Categoroids: Universal Conditional Independence
This work provides a foundational framework for AI, causal inference, and statistics, but it is incremental as it builds on existing algebraic concepts to unify conditional independence representations.
The paper tackles the problem of characterizing universal properties of conditional independence by introducing categoroids, an algebraic structure that combines binary and ternary structures to abstractly represent conditional independence across different axiom sets like graphoids and separoids.

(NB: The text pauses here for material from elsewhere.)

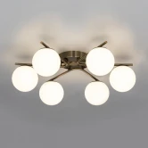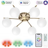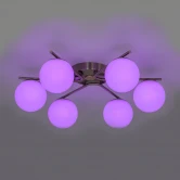 Люстрой можно управлять: из приложения на смартфоне по Wi-Fi при наличии интернета, с помощью голосовых помощников Алиса, Маруся, Салют, а также пультом дистанционного управления и настенным выключателем. Можно легко настроить работу по сценариям и расписанию. Люстра шестирожковая с круглым основанием. Корпус металлический, цвет - благородная бронза. Плафоны в форме шара, изготовлены из матового оптического полимера. Внутри каждого плафона расположена уникальная светодиодная панель, обеспечивающая яркое основное освещение или красочную RGB подсветку, с плавной регулировкой яркости во всех режимах света. Цветовая температура основного света регулируется в диапазоне от 3000К до 5500К, позволяя настроить любые оттенки теплого, нейтрального или холодного света. Мощность 70Вт, световой поток 7500Лм. Радиопульт ДУ в комплекте. Питание пульта - 2 батарейки тип ААА, напряжением 1,5V (в комплект не входят).

Conditional independence has been widely used in AI, causal inference, machine learning, and statistics. We introduce categoroids, an algebraic structure for characterizing universal properties of conditional independence. Categoroids are defined as a hybrid of two categories: one encoding a preordered lattice structure defined by objects and arrows between them; the second dual parameterization involves trigonoidal objects and morphisms defining a conditional independence structure, with bridge morphisms providing the interface between the binary and ternary structures. We illustrate categoroids using three well-known examples of axiom sets: graphoids, integer-valued multisets, and separoids. Functoroids map one categoroid to another, preserving the relationships defined by all three types of arrows in the co-domain categoroid. We describe a natural transformation across functoroids, which is natural across regular objects and trigonoidal objects, to construct universal representations of conditional independence.. We use adjunctions and monads between categoroids to abstractly characterize faithfulness of graphical and non-graphical representations of conditional independence.